With this it will be convenient to consider the following:
Government new clause 17—Default powers exercisable by Mayor of London or combined authority.
Government new schedule 2—Default powers exercisable by Mayor of London or combined authority.
New clause 17 and new schedule 2 insert a new section into, and amend section 17 of, the Planning and Compulsory Purchase Act 2004. The measures enable the Secretary of State to ask the Mayor of London or a combined authority to prepare a development plan. The Mayor of London will be able to do so where a local planning authority is a London borough, and a combined authority will be able to do so where the local planning authority is a constituent authority or combined authority. The Mayor or combined authority will be responsible for having the document examined and approving it.
Currently, where it is necessary for the Secretary of State to intervene to prepare or revise a development plan, his only option is to take over responsibility for the process of preparing, examining and approving. Our proposals will move more power back to a local level. Mayors and combined authorities provide strong and directly accountable governance, which makes them appropriate bodies to ensure that plans that support the delivery of new homes are in place across their areas. The new clause and new schedule, together with clause 99, enable more targeted and appropriate intervention where a local planning authority has failed to take action to get a plan in place, despite having every opportunity to do so.
I want to take the Minister to what clause 99 actually says:
“(1) This section applies if the Secretary of State thinks that a local planning authority are failing or omitting to do anything it is necessary for them to do in connection with the preparation, revision or adoption of a development plan document.
(2) The Secretary of State may—
(a) prepare or revise (as the case may be) the document, or
(b) give directions to the authority in relation to the preparation or revision of the document.
(3) The Secretary of State must either—
(a) hold an independent examination, or
(b) direct the authority to submit the document for independent examination.”
I am happy to take a correction from the Minister, but that seems to me to be a total and fundamental change to how we do local plan making. In the current system, local authorities prepare a local plan, consult on it and take it to an inspector, who, through a public inquiry, either approves or does not approve it. I may be reading too much into the clause, but it appears to allow the Secretary of State to intervene in the process and say, “Hold on. I do not like what is happening in that plan. I am going to change it.”
Brandon Lewis rose—
If the Minister is rising to clarify that the Secretary of State cannot do so, that would be helpful.
I am rising to say that the Secretary of State has had the power to do that from the very beginning. Clause 99 retains the existing powers and allows for more targeted intervention, so that it will not be quite as heavy-handed as it is at the moment. That should be a welcome change.

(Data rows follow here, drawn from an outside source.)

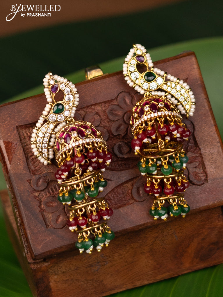 Antique triple layer jhumka peacock design kemp & cz stones beads hangings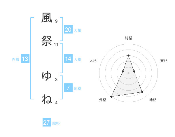 風祭 ゆねさんの外格は13画の5点!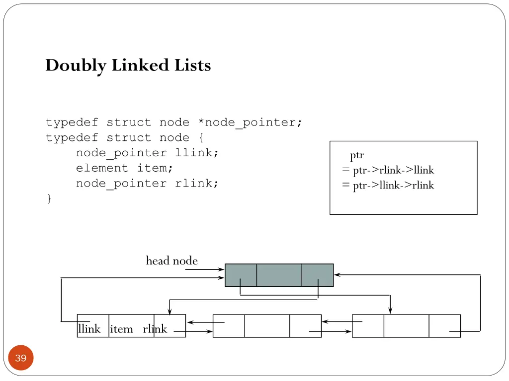 Doubly Linked List Move in forward and backward direction. Singly linked list (in one direction only) How to get the preceding node during deletion or insertion? Using 2 pointers Node in doubly linked list left link field (llink) data field (item) right link field (rlink) 38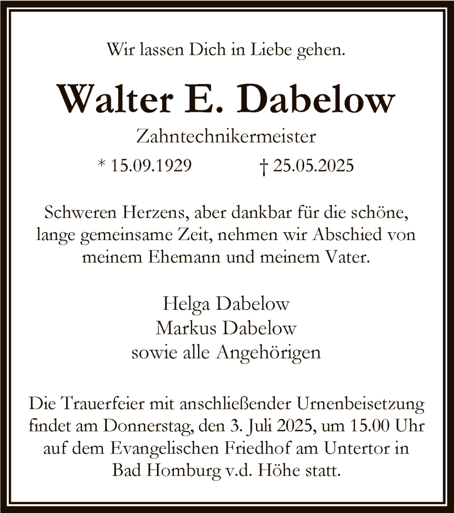 Hier finden Sie alle Traueranzeigen aus der Zeitung, die bisher für Walter Dabelow erschienen sind. Weitere Traueranzeigen, die in der Zeitung erscheinen, werden hier ebenfalls aufgelistet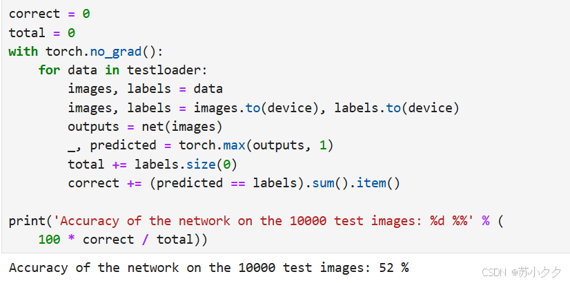 这段代码是用于评估对于已经训练好的神经网络的准确率,correct是用于记录预测正确的样本数量,所以初始值为0,total是用于记录测试集中样本总数,所以初始值为0;for循环是遍历测试数据加载器testloader;从testloader中取出一个批次的数据,data是一个包含输入图像和对应标签的元组,将图像数据赋值给images,标签数据赋值给labels;total是当前样本数量累加和,之后计算预测正确的并进行对预测值的打印。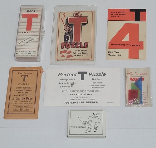 A collection of various dissection puzzles of the capital letter T. |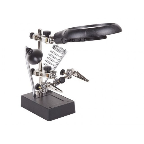 Держатель <третья рука> с лупой х2.5 + х7.5, подставка под паяльник, LED подсветка служит главным образом при проведении паяльно-сборочных работ в электронике, ювелирном деле, сборке и ремонте для зажима мелких деталей в любом нужном положении, когда не хватает двух рук.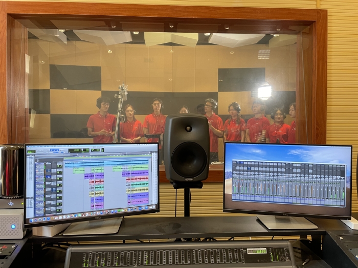 此次《中国红》歌曲录音、MV录制工作在威廉希尔体育录音棚展开,该录音棚由中央财政下拨专项资金支持地方高校发展,福建省高校人文社会科学研究基地流行音乐研究中心教学实验平台即福建省流行音乐人才培养及教学实践平台获得该专项资金。作为流行音乐科研平台在推进省内流行音乐艺术实践方面研究的重要抓手,建成投入使用以来,多次完成了各级各类的演出实践和艺术模式探索的实践工作,其承担的各类实践实训及横向课题任务,曾多次登上学习强国学习平台、央视《新闻联播》以及央级媒体两微一端“新华社客户端”、“光明日报”官微等权威平台,是流行音乐研究中心在流行音乐艺术实践研究与探索方面的特色与亮点。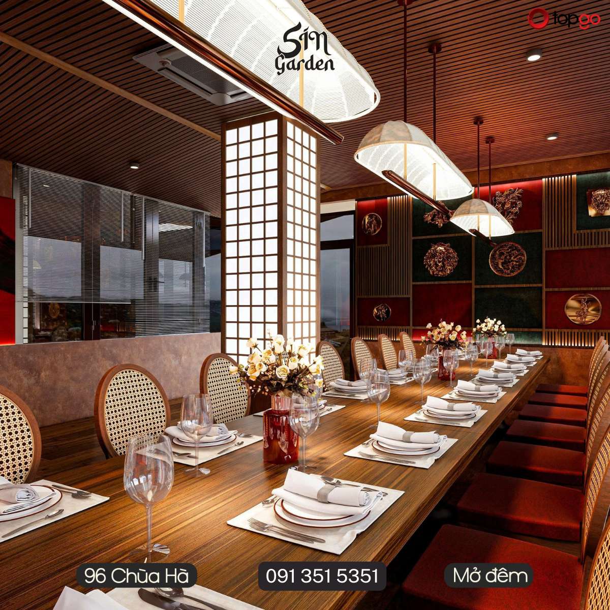 SIN Garden nổi bật với mô hình kết hợp không gian trong nhà và ngoài trời.Nhà hàng đem đến trải nghiệm thư giãn, tươi mới.
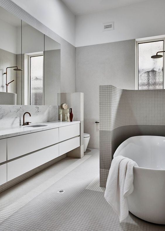 Para un cuarto de baño, que es un poco más húmedo, un lugar de relajación podemos utilizar colores claros y neutros como blanco, beige y gris, para transmitir limpieza, pero al mismo tiempo podemos resaltar algunos detalles con tintes en tonos verde o azul, que transmiten calma y frescura.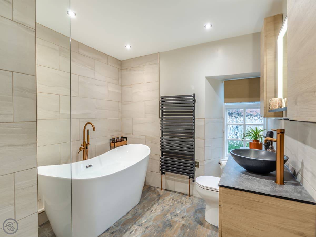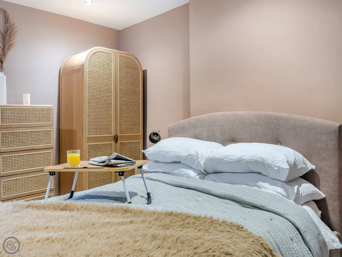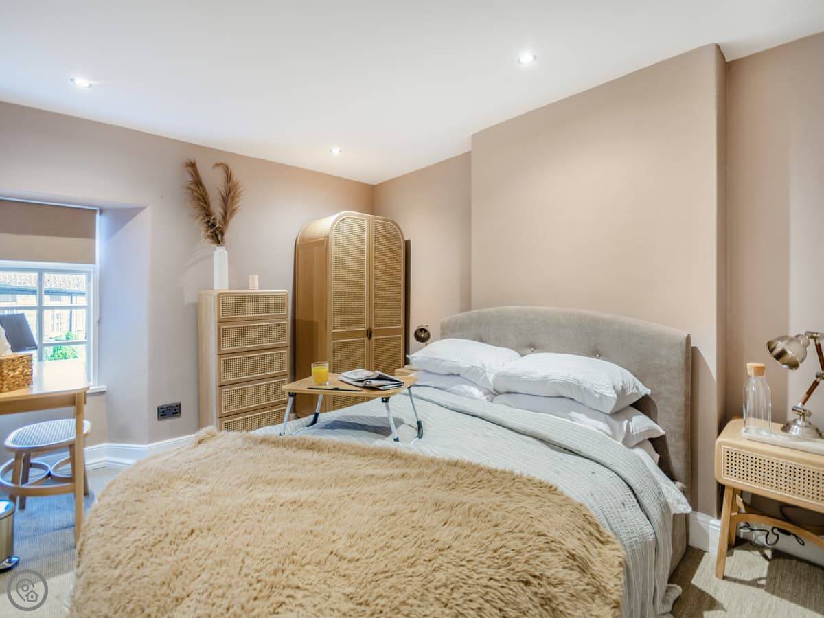 Facilities wise: it's got a dishwasher, washing machine, WiFi, and bedding and towels are included. It's wheelchair accessible at the entrance, but the living room is up a flight of stairs. Two well-behaved dogs are welcome.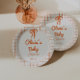 Prato De Papel Retro Orange Hand Drawn Written Bow Baby Shower

I hope that that is what the clause is really designed to do, because the Secretary of State’s intervention powers are rarely used at the moment. It is not custom and practice for the Secretary of State to intervene in the plan-making process, and clause 99 appeared to be an attempt to widen the scope for the Secretary of State to intervene under clause 99(1). If the Minister is reassuring us that this is a narrowing of the circumstances in which the Secretary of State should intervene, we will take him at his word, but the terminology used in the clause does not quite suggest that.
I rise to give some clarity and, hopefully, confidence to the hon. Lady. As I said, the clause retains existing powers, but it also allows for more targeted intervention by enabling the Secretary of State to direct a local planning authority to prepare or revise a document and take other steps necessary for that to become part of the development plan in its area. That will be more targeted than the current heavy-handed approach. The existing requirement on the Secretary of State to give reasons for exercising those powers will be retained. The hon. Lady is quite right that those powers are used rarely—in fact, they have been used twice this year. The requirement in terms of local planning authorities reimbursing the Secretary of State will also be retained. He will have to give reasons.
Should the Secretary of State need to step in, the measures give him options that enable more decisions to be made locally, which is hopefully a beneficial change. For instance, if an authority is not making progress with its local plan, the Secretary of State could direct the authority to take steps to progress it. The authority would remain accountable for the plan and could determine with its community—quite rightly—how it will address the Secretary of State’s concerns most appropriately to get a plan in place.
The clause ensures that the Secretary of State will retain the ability to intervene and prepare or revise the plan in consultation with the local community. Importantly, when that happens, the clause will give the Secretary of State other options. He could, for example, return a plan to a local authority to take through the examination process or to decide whether to adopt a document. I hope that the hon. Lady accepts that that is a big step forward for localisation in the local planning process.